*** Opening MATERIAL FOR THE TASK ***

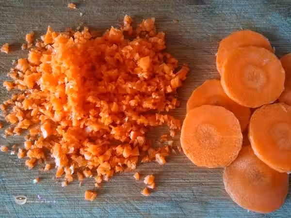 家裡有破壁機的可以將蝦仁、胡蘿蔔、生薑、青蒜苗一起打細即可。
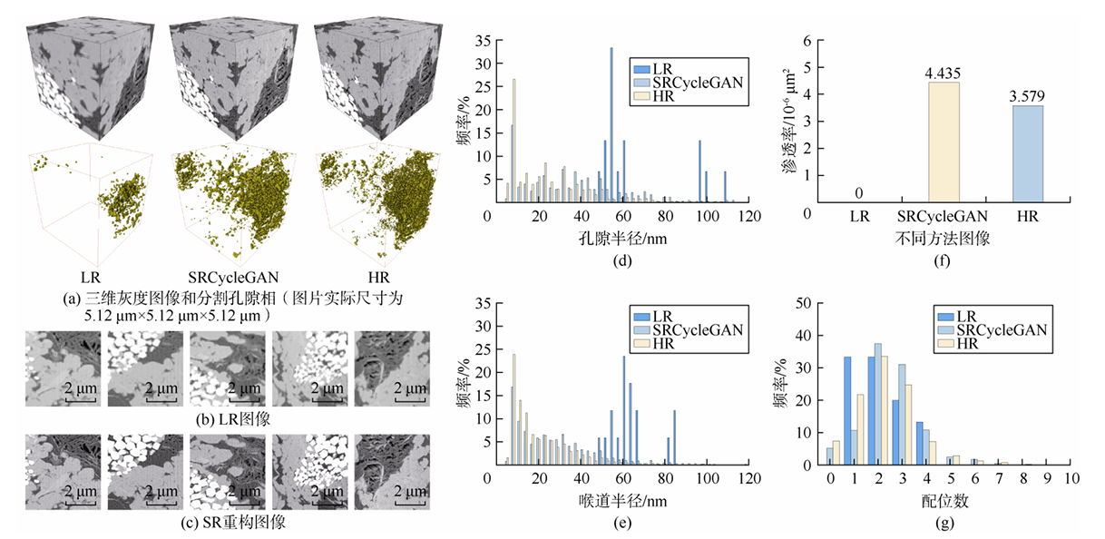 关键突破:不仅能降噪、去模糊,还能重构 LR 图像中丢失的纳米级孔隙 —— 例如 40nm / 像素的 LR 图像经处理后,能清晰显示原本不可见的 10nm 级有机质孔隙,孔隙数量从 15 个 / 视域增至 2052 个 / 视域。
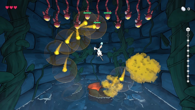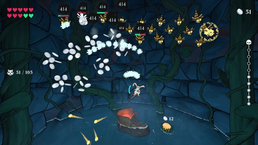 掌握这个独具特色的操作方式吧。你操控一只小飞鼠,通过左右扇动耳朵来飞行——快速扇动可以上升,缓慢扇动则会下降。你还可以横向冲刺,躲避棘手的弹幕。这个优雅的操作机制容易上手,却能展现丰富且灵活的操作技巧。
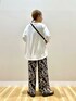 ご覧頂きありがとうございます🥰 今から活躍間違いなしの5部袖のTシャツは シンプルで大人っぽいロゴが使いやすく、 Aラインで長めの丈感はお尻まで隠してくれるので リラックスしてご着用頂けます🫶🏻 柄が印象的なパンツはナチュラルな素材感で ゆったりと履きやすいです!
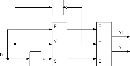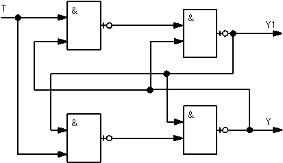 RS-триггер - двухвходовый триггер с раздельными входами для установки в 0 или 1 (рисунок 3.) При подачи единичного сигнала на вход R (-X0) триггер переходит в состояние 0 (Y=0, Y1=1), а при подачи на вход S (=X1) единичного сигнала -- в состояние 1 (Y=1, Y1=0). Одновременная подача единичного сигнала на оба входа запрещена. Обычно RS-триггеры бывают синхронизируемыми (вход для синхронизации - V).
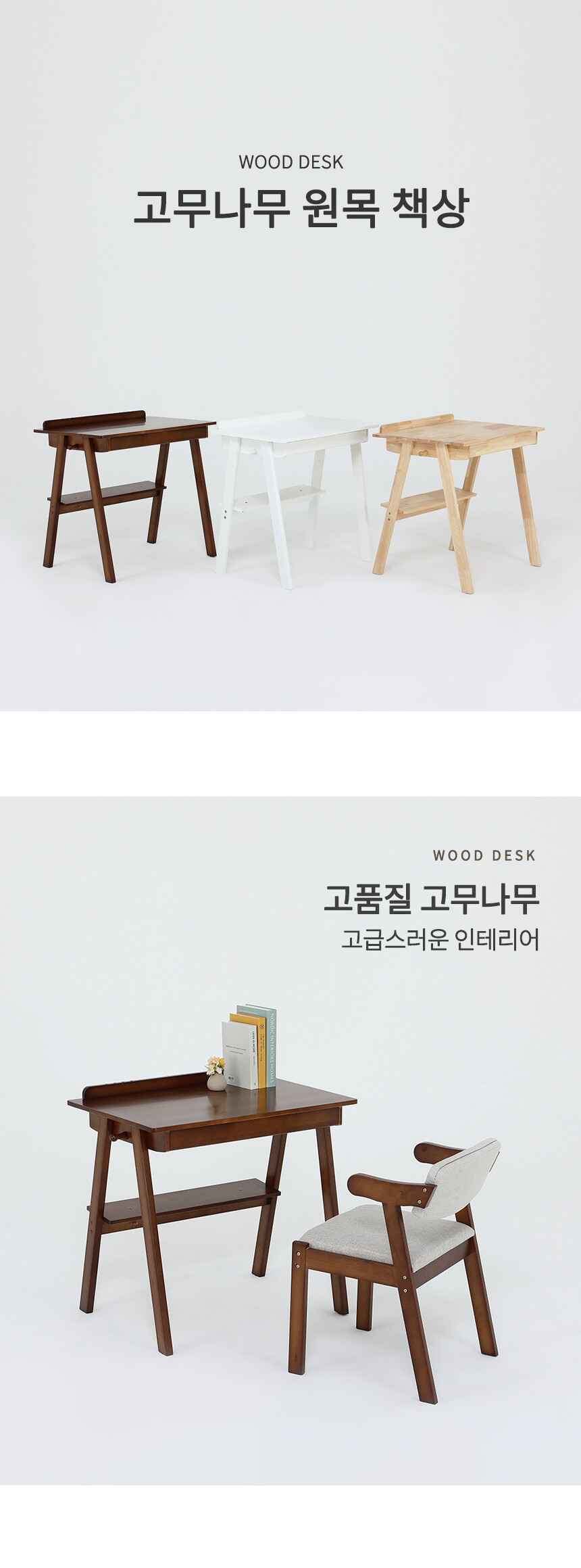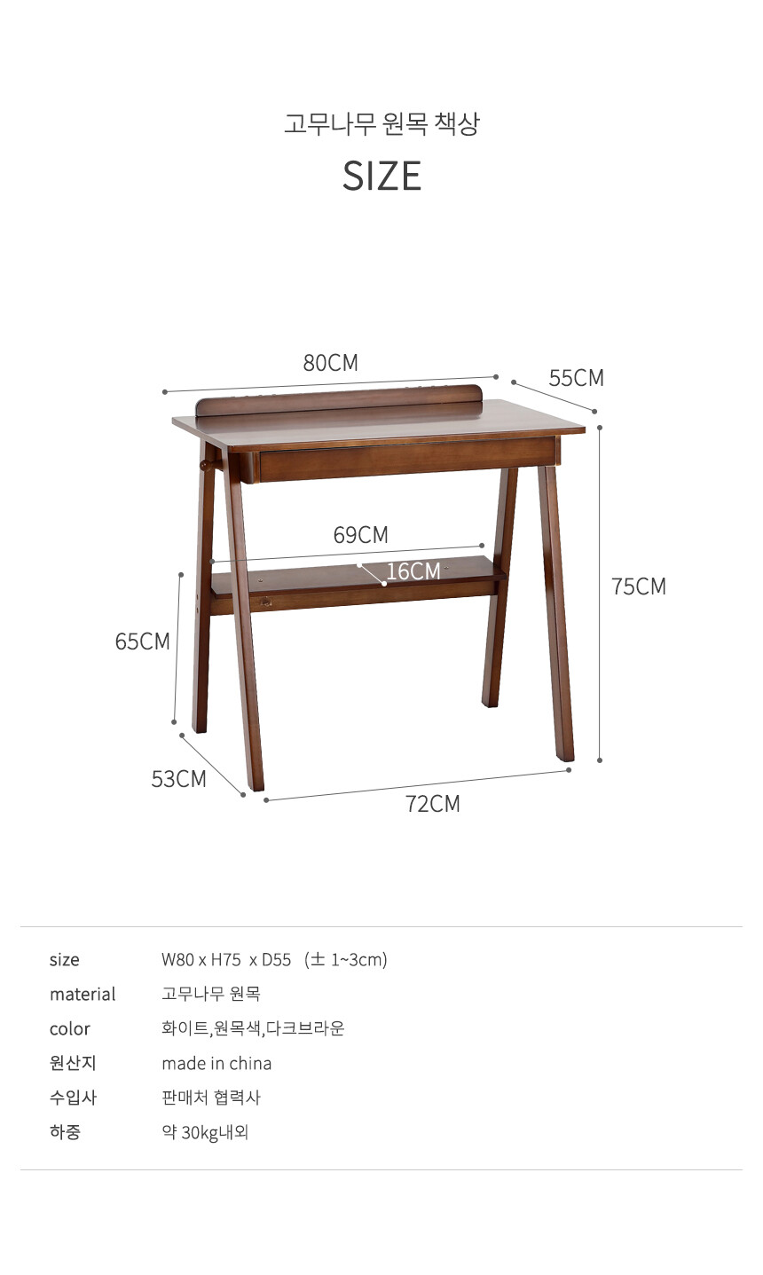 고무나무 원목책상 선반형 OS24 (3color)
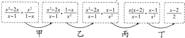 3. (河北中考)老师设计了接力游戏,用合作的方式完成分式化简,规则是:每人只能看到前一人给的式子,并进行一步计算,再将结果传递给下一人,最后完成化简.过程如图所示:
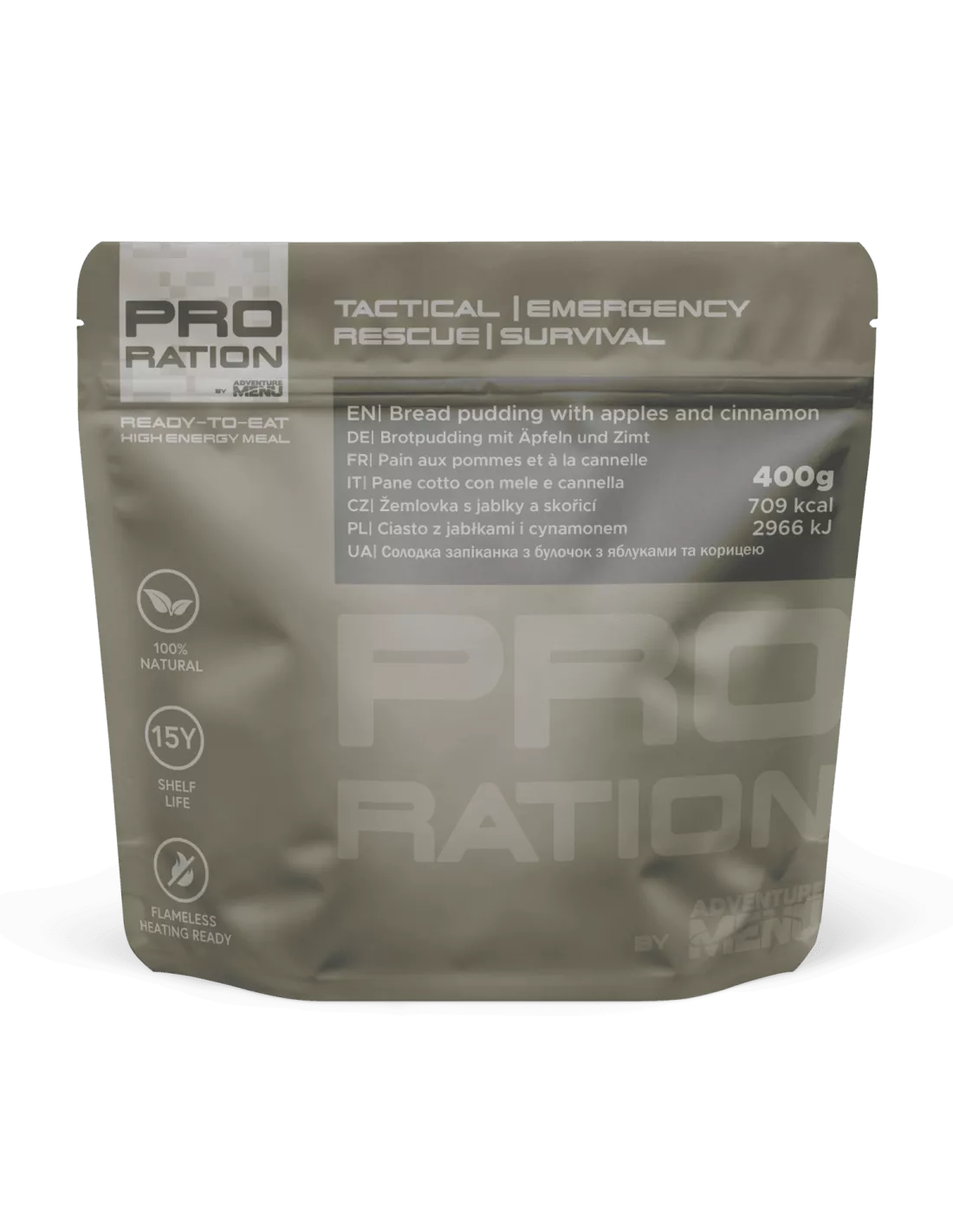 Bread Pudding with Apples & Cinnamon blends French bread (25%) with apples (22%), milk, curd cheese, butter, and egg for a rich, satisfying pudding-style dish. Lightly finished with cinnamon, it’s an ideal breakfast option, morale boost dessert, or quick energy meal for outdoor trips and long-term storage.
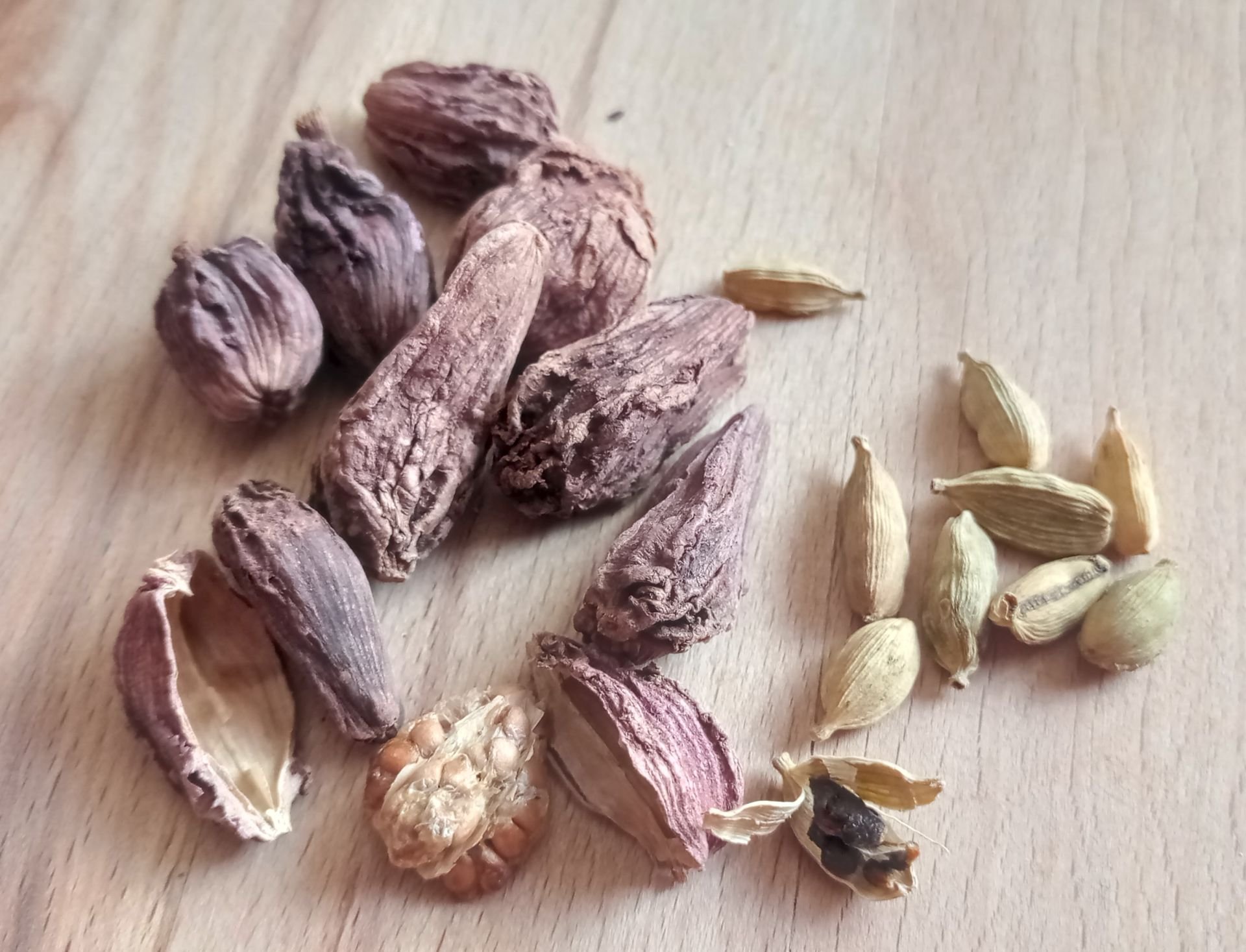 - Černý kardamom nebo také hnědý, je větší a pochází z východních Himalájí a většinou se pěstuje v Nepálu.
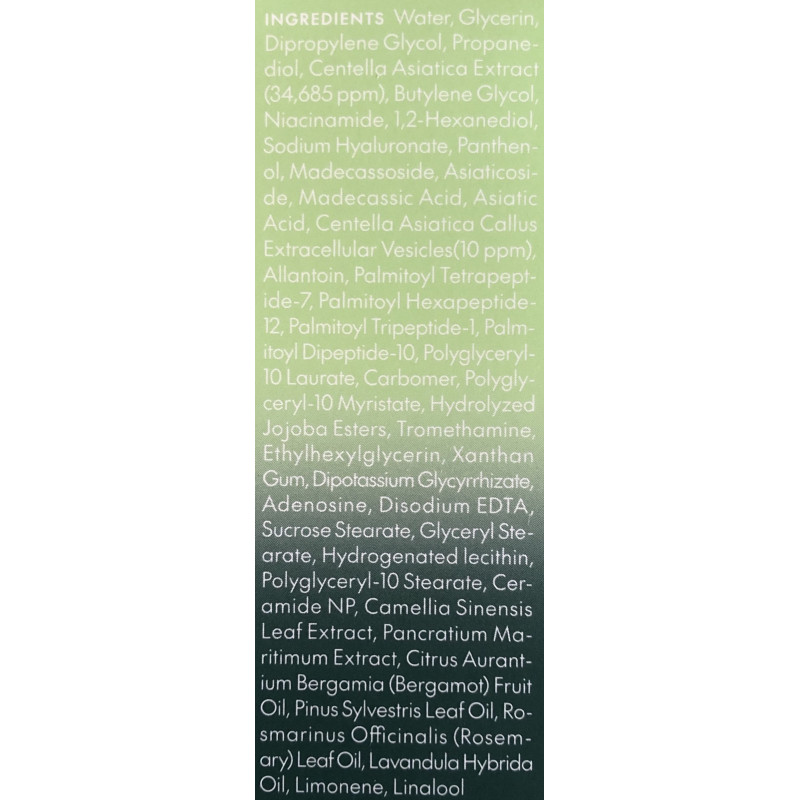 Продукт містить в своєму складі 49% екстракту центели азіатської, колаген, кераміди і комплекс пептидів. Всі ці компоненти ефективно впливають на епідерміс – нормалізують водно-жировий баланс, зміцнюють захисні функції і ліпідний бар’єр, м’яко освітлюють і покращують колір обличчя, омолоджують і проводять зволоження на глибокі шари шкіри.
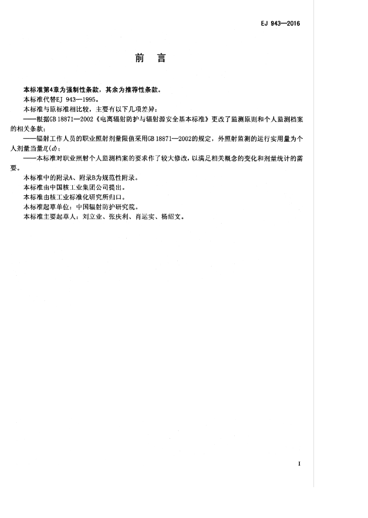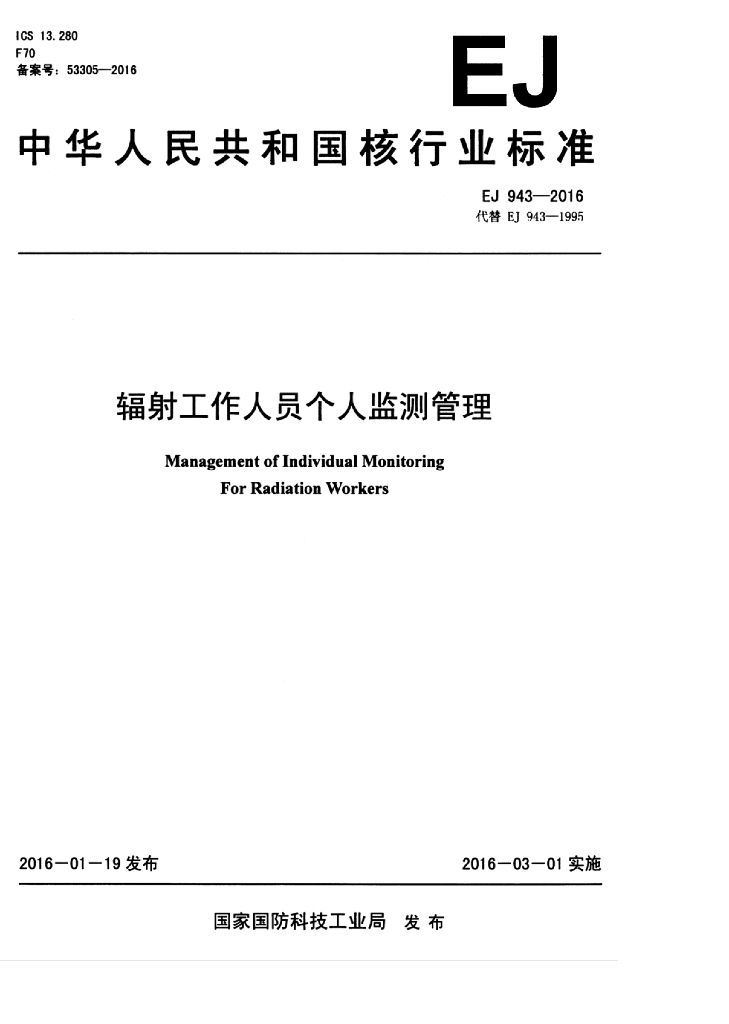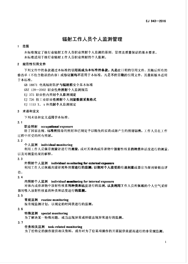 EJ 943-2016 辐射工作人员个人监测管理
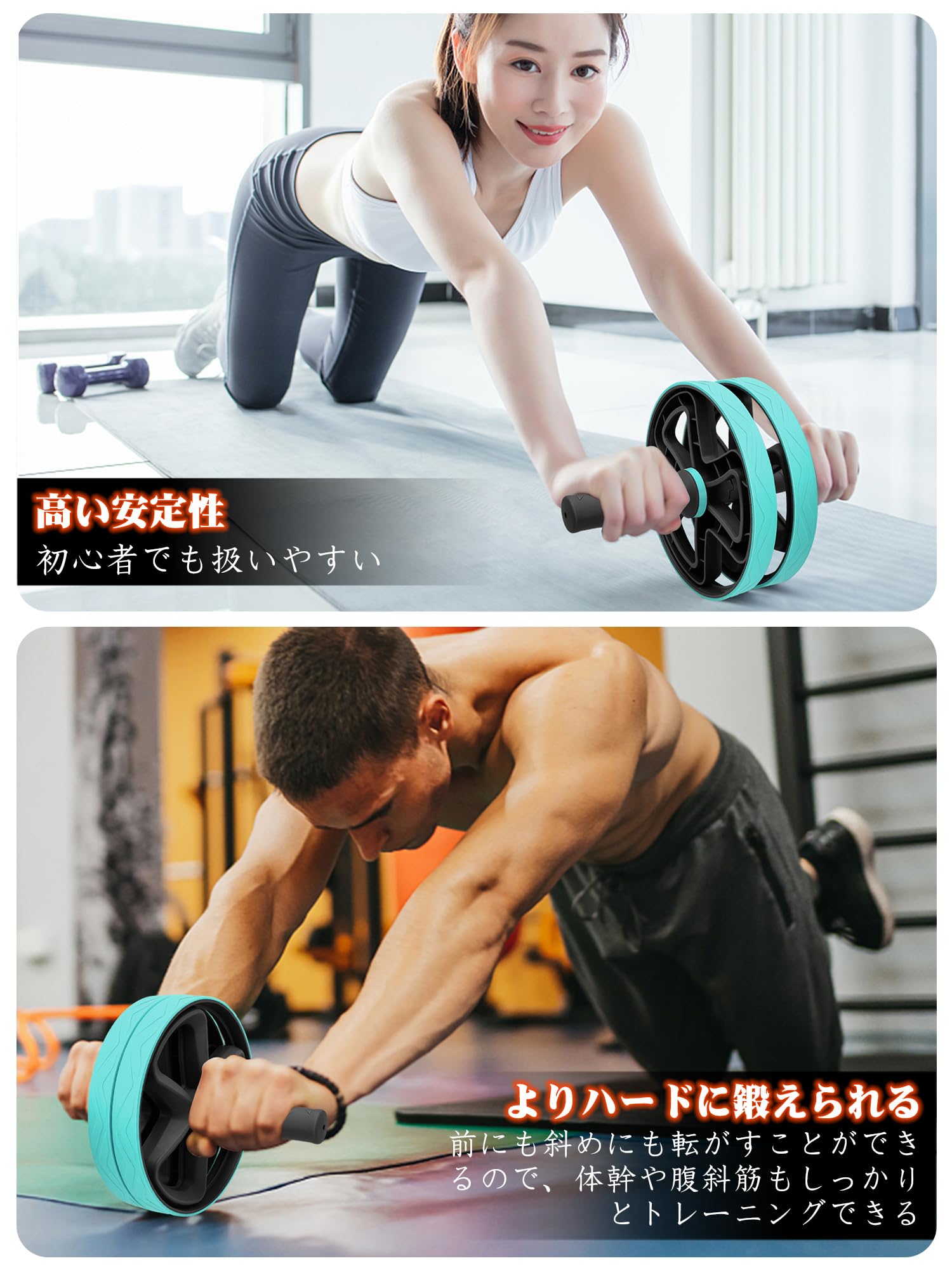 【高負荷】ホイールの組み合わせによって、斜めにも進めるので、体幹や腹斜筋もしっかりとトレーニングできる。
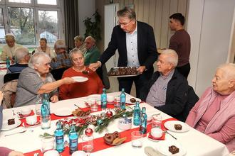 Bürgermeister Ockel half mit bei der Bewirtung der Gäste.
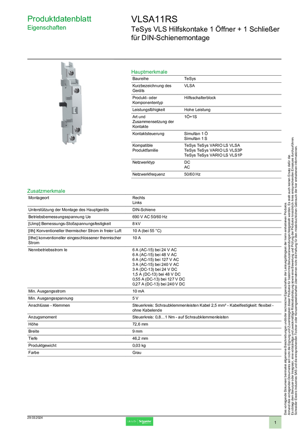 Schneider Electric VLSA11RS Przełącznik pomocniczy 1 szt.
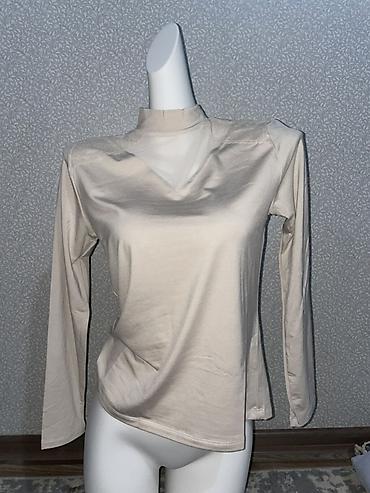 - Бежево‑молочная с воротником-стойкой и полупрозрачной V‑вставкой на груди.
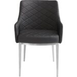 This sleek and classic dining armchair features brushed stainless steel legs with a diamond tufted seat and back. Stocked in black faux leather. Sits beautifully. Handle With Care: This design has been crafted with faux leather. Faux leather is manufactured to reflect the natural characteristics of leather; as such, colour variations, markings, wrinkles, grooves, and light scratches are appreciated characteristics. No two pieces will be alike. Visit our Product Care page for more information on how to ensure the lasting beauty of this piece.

*** Closing MATERIAL FOR THE TASK ***

Output only the lines running from the top of the data above to the line with "3. (河北中考)老师设计了", inclusive, word for word and without pictures.

RESPONSE TO THIS EXERCISE
 家裡有破壁機的可以將蝦仁、胡蘿蔔、生薑、青蒜苗一起打細即可。
 关键突破:不仅能降噪、去模糊,还能重构 LR 图像中丢失的纳米级孔隙 —— 例如 40nm / 像素的 LR 图像经处理后,能清晰显示原本不可见的 10nm 级有机质孔隙,孔隙数量从 15 个 / 视域增至 2052 个 / 视域。
 掌握这个独具特色的操作方式吧。你操控一只小飞鼠,通过左右扇动耳朵来飞行——快速扇动可以上升,缓慢扇动则会下降。你还可以横向冲刺,躲避棘手的弹幕。这个优雅的操作机制容易上手,却能展现丰富且灵活的操作技巧。
 ご覧頂きありがとうございます🥰 今から活躍間違いなしの5部袖のTシャツは シンプルで大人っぽいロゴが使いやすく、 Aラインで長めの丈感はお尻まで隠してくれるので リラックスしてご着用頂けます🫶🏻 柄が印象的なパンツはナチュラルな素材感で ゆったりと履きやすいです!
 RS-триггер - двухвходовый триггер с раздельными входами для установки в 0 или 1 (рисунок 3.) При подачи единичного сигнала на вход R (-X0) триггер переходит в состояние 0 (Y=0, Y1=1), а при подачи на вход S (=X1) единичного сигнала -- в состояние 1 (Y=1, Y1=0). Одновременная подача единичного сигнала на оба входа запрещена. Обычно RS-триггеры бывают синхронизируемыми (вход для синхронизации - V).
 고무나무 원목책상 선반형 OS24 (3color)
 3. (河北中考)老师设计了接力游戏,用合作的方式完成分式化简,规则是:每人只能看到前一人给的式子,并进行一步计算,再将结果传递给下一人,最后完成化简.过程如图所示:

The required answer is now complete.